In fact, I figured out last night. while building my importer so it
would round-trip, that you can have reliable behavior from changesets
layered over RCS only if you *never delete a master*, not even to
rename it. I know what the right other rules are, but it’s nearly
twenty years too late for that to matter.

Sigh. If I had looked at this problem in 1985 I could have saved
the world a lot of grief.

Giuseppe said:

> I’m very curious to hear about your solution about tracking these
> operations. I mean, git doesn’t track them because it only cares about
> contents and trees, but how would you do that in a file-based vcs?

Here’s how I explained it:

On delete, don’t delete the master. Enter a commit that’s an empty file
and set the state to “Deleted”. (The second part isn’t strictly necessary,
but will be handy if you need to do forensics because other parts of
your repo metadata have been corrupted.)

On rename, don’t delete the master. Copy it to the new name, so the
renamed file has the history from before the rename, but also *leave
that history in the original*. Give the original a new empty commit
as you did for delete, with a state of ‘Renamed’. If your RCS has
a properties extension, give that commit a rename-target property
naming what it was renamed to. Give the same commit on the master copy a renamed-from property referencing the source.

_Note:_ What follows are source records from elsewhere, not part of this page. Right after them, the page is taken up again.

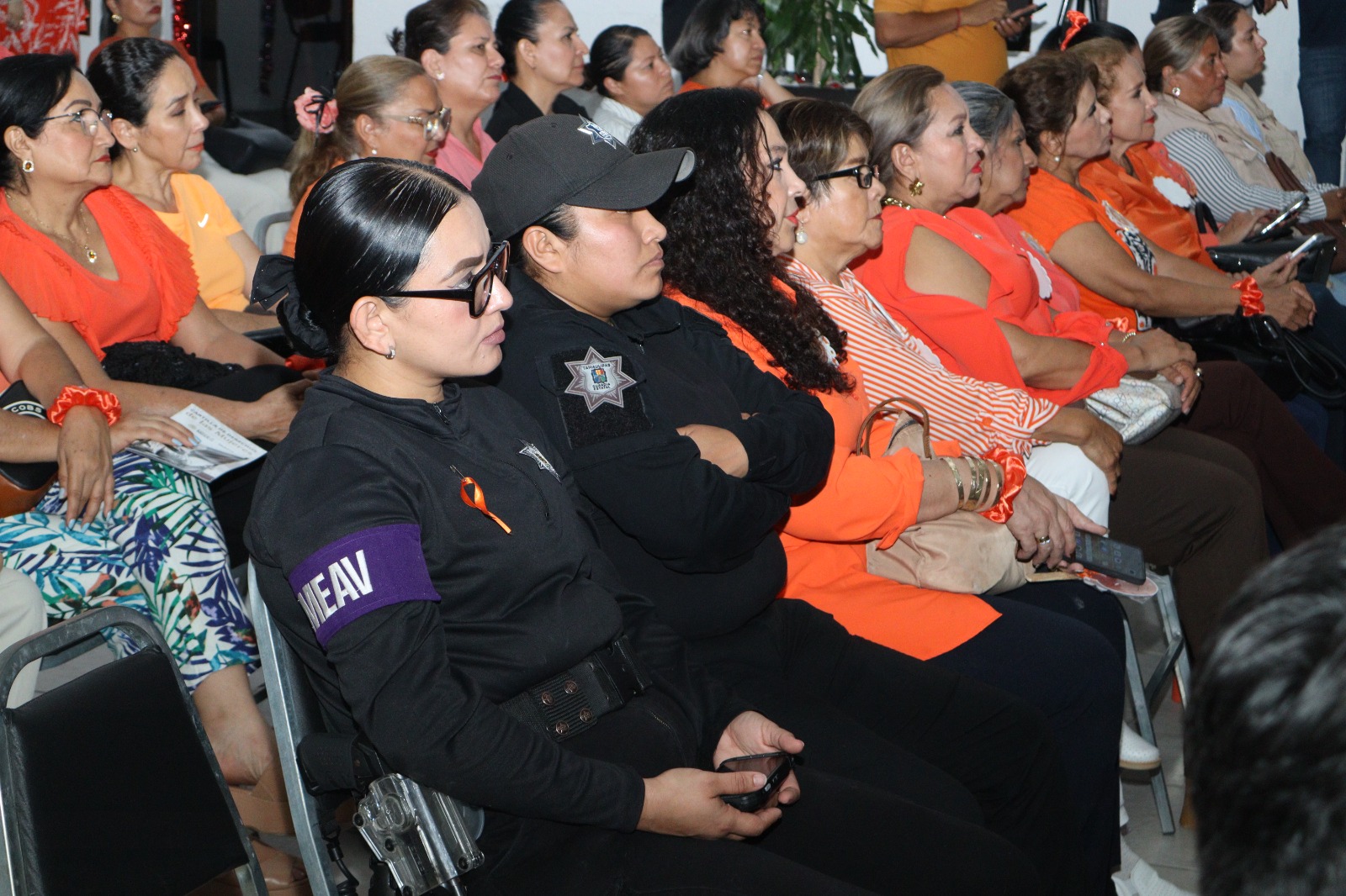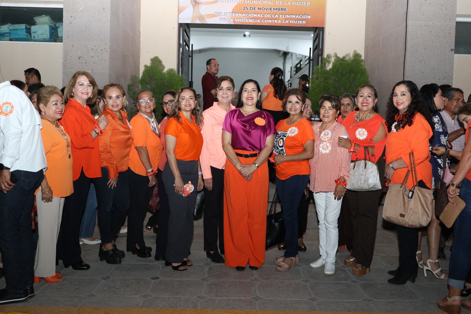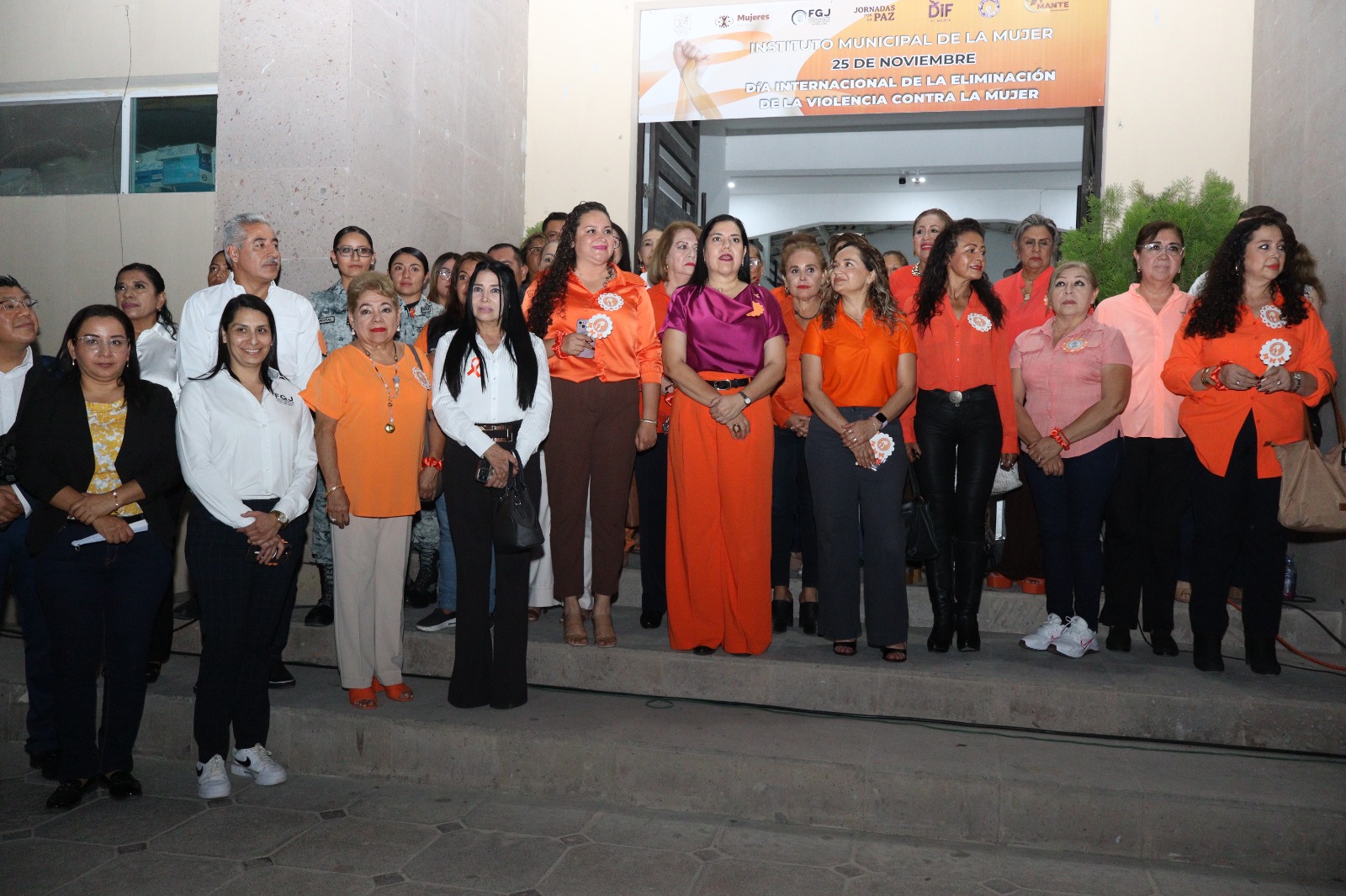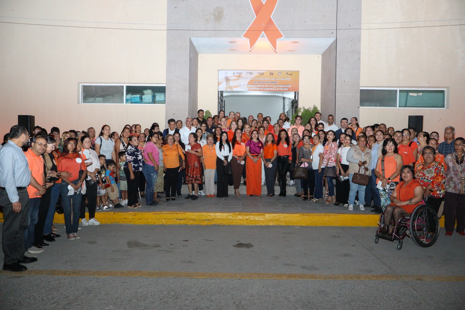 integrantes de la sociedad civil, el acto culminó con el encendido de la Presidencia Municipal en color naranja, donde le acompañaron hombres y mujeres que se unieron a la lucha contra la violencia de género.
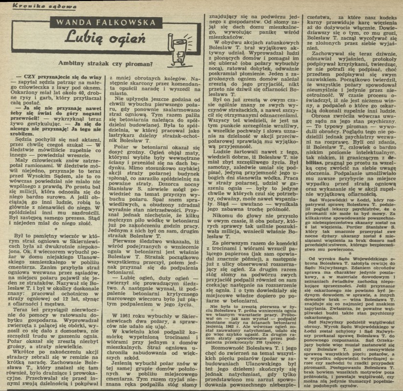 Archiwum / Kronika sądowa nr 995 (18/1964) 41789/123969 Podziel się Tytuł Lubię ogień Autor Wanda Falkowska Rubryka Kronika sądowa Artykuł z numeru 995 (18/1964) Data wydania 1 maja 1964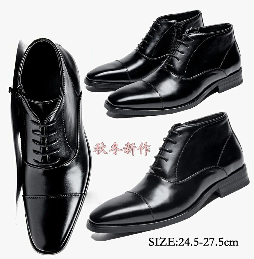 秋冬用 ビジネス シューズ メンズ フォマール靴 ショートブーツ ハイカット 内羽根 革靴 紐靴 ファスナー付き 履きやすい 24.5 25 25.5 26 26.5 27 27.5 大きいサイズ有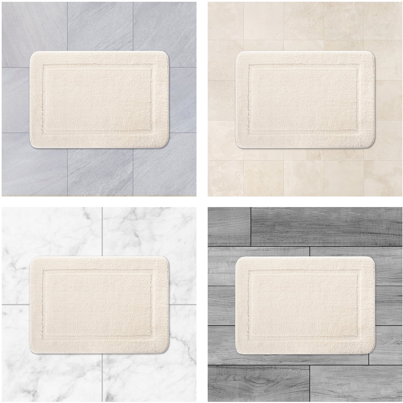 -22%Мягкий коврик для ванной светло-бежевого цвета с плотным невысоким ворсом (1 см), очень приятный на ощупь. Ворс из микрофибры отлично держит форму, легко чистится и быстро сохнет.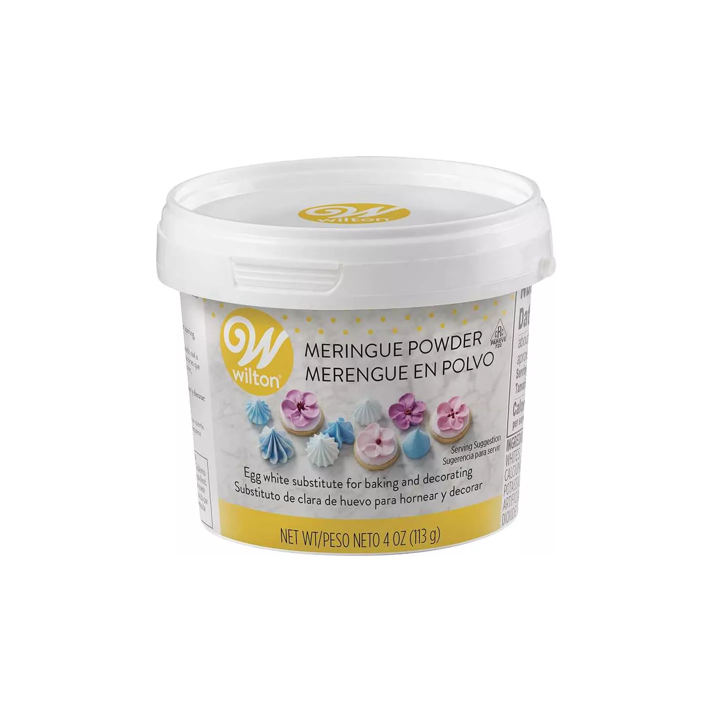 Merengue en polvo, 4 onzas. Principal ingrediente para el glaseado real. Estabiliza la crema de mantequilla, agrega cuerpo a la formación del glaseado y merengue. Reemplaza las claras de huevo en muchas recetas. La tapa sellable se abre para facilitar la medición.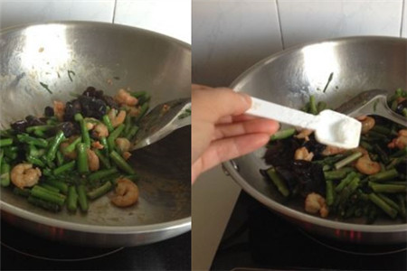 做芦笋虾仁,我们再另准备一口炒锅,先把炒锅预热,然后倒入适量的油,这时候可以开大火。待油烧热后,就可以把虾仁倒进炒锅中快速的翻炒,然后再把蒜末也倒入虾仁中,翻炒均匀。等虾仁炒变色后,就可以把芦笋也倒进炒锅中,用大火快速的翻炒。等芦笋虾仁炒熟后,就可以放一点调味盐,然后再翻炒均匀,就可以关火,全部盛在盘子里。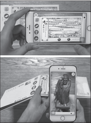 在一些旅游景区中,为了保护文物而禁止游客进入。在这样的情况下,可以利用虚拟现实 、人工智能 、语音识别等先进技术,构建虚拟的景区场景。游客可以利用虚拟现实眼镜、体感捕捉仪等装备,进入设计好的虚拟场景中,“身临其境”地参观无法深入探索的区域,加深游客对景区的了解和印象。将增强现实技术与手机应用相结合,使用手机扫一扫特制的景区建筑或文物的明信片,触发一段与卡片相对应的3D 影像并配有讲解,实现了视觉、听觉、触觉的多重体验,这种动态的展现形式,让游客切身感受到不同的旅游文化和体验 。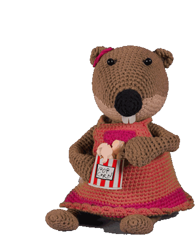 Piotta La Marmotta, the beloved character from RSI Radiotelevisione Svizzera Italiana, enjoys a movie night with popcorn.

On copy, check out the file to be copied and start a new master with
no history. If your RCS has a properties extension, give that commit
a copied-target property naming what it was renamed to, and give the
initial commit of the copy a copied-from property referencing the
source.

On every commit, write a record to a journal file that looks like a
git-fast-import commit record, except that the <ref> parts are RCS
revision numbers.

You’re done. It may take you a bit to think through all the
retrieval cases, but they’re all covered by one indirection through
the journal file.

Don’t like the journal file? No problem, you just write a
sequence-numbered tag to all files for each commit. This would be
slower, though.

There are optimizations possible. Strictly speaking, if you have
an intact chain of rename properties you can get away with not
copying history to the target of a rename.

The key point is that once a revision has been appended to a specific
master, you *never delete it*. Ever. That simple rule and some pointer
chasing gives you a revision store that is robust in the presence of D,
R, and C operations. Nothing else does.

Not by coincidence, modern DVCSes use the same strategy.

He did raise one interesting point:

> Considering the debates still going on the “proper” way to handle
> renames and copies, I’m not sure it would have been accepted ;-)

But it turns out that has an answer, too:

The above scheme gives you git-like semantics. For bzr-like semantics,
add one more wrinkle; a unique identity cookie assigned at master-creation
time that follows it through renames. Your storage management doesn’t
care about this cookie; only the merge algorithm cares.

All this is so simple [and actually implemented in rcs-fast-import] that
I’m now quite surprised the CVS people got it wrong. I could ship a
daemon that implemented these rules in a week, and could have done
so in 1985 if I’d known it was important.

Sigh…sometimes the hardest part is knowing what to spend your thinking time on. I console myself with the thought that, after all, I have gotten this right some times that it mattered.